*What to produce*:
Which lines below fall between the one containing "وفي مدرسة للبنات" and the one containing "прямоугольников или 12квадратов."? Repeat them exactly, counting both of those lines, and add nothing else.
*** Opening Data section ***
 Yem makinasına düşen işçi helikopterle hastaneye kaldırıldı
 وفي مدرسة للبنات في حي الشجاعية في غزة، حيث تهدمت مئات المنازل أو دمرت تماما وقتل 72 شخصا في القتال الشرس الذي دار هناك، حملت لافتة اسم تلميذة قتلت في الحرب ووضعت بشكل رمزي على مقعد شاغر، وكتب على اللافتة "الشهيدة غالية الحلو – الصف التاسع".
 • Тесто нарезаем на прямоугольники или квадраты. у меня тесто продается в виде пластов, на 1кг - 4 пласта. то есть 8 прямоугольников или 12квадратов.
*** Closing Data section ***
*** Opening Data section ***
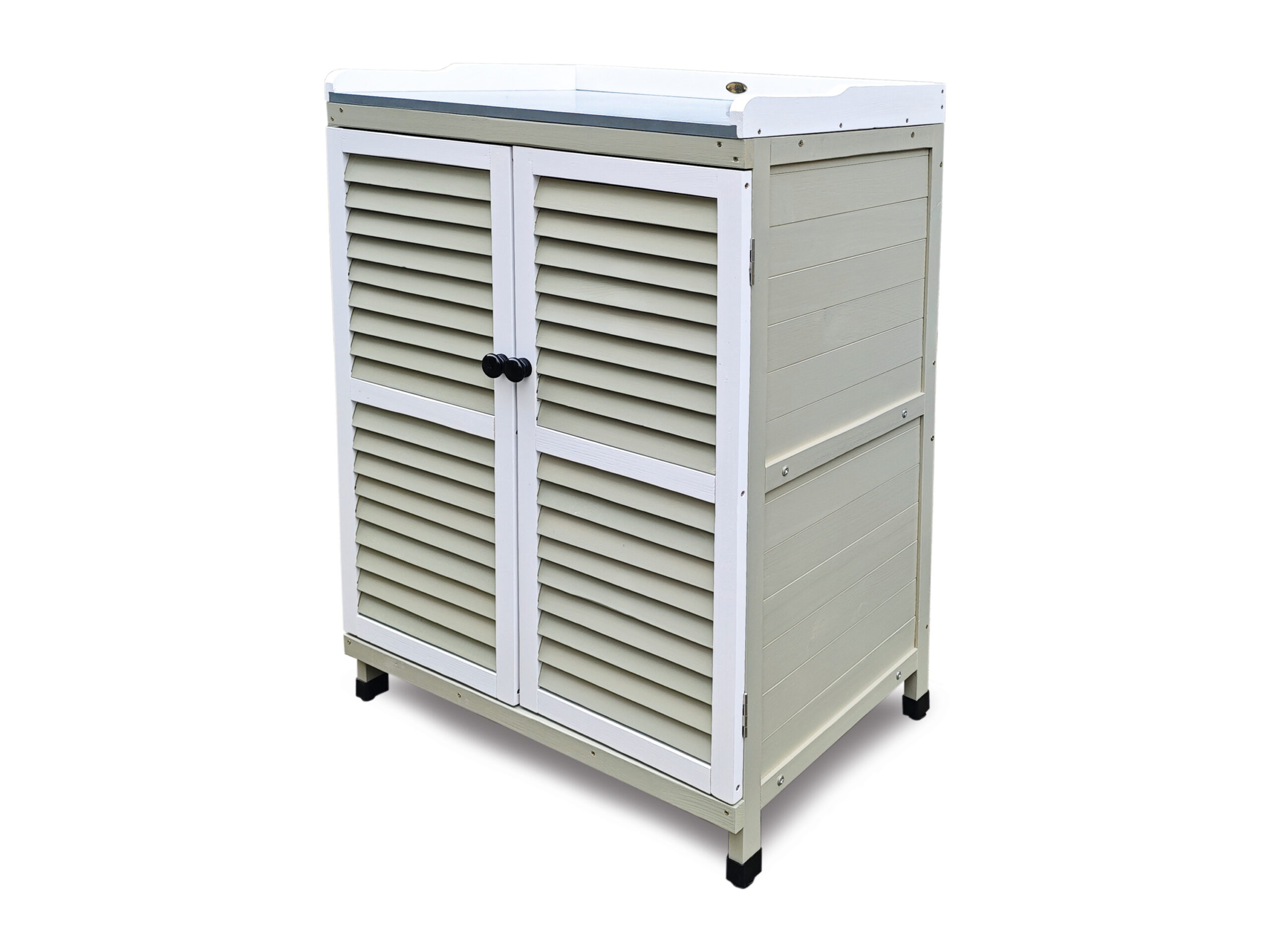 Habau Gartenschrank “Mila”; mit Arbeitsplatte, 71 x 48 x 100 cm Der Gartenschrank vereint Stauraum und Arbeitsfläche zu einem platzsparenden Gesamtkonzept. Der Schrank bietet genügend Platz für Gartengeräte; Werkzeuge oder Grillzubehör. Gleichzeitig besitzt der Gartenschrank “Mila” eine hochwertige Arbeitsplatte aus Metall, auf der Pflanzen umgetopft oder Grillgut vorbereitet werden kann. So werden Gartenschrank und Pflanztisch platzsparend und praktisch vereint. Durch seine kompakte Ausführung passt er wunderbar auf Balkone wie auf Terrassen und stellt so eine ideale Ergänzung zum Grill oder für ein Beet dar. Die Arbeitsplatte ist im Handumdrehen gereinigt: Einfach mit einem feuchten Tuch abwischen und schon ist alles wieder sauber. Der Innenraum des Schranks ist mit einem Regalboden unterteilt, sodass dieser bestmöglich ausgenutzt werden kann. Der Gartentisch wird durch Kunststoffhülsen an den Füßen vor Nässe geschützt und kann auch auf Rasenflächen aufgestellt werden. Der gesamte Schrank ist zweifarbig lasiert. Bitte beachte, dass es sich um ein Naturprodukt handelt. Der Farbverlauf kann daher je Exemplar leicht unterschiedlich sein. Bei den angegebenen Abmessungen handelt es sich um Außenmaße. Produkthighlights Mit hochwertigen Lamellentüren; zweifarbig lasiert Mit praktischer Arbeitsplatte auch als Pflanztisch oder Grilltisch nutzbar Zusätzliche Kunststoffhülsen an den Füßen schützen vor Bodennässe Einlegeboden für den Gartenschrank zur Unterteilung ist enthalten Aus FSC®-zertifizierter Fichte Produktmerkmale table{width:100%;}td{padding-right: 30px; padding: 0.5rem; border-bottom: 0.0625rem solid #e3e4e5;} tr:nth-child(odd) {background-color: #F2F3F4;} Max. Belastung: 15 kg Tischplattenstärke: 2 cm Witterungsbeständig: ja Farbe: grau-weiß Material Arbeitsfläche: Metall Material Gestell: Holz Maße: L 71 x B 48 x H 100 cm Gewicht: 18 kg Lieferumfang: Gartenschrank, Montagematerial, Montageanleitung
*** Closing Data section ***
*Answer to the exercise*:
 وفي مدرسة للبنات في حي الشجاعية في غزة، حيث تهدمت مئات المنازل أو دمرت تماما وقتل 72 شخصا في القتال الشرس الذي دار هناك، حملت لافتة اسم تلميذة قتلت في الحرب ووضعت بشكل رمزي على مقعد شاغر، وكتب على اللافتة "الشهيدة غالية الحلو – الصف التاسع".
 • Тесто нарезаем на прямоугольники или квадраты. у меня тесто продается в виде пластов, на 1кг - 4 пласта. то есть 8 прямоугольников или 12квадратов.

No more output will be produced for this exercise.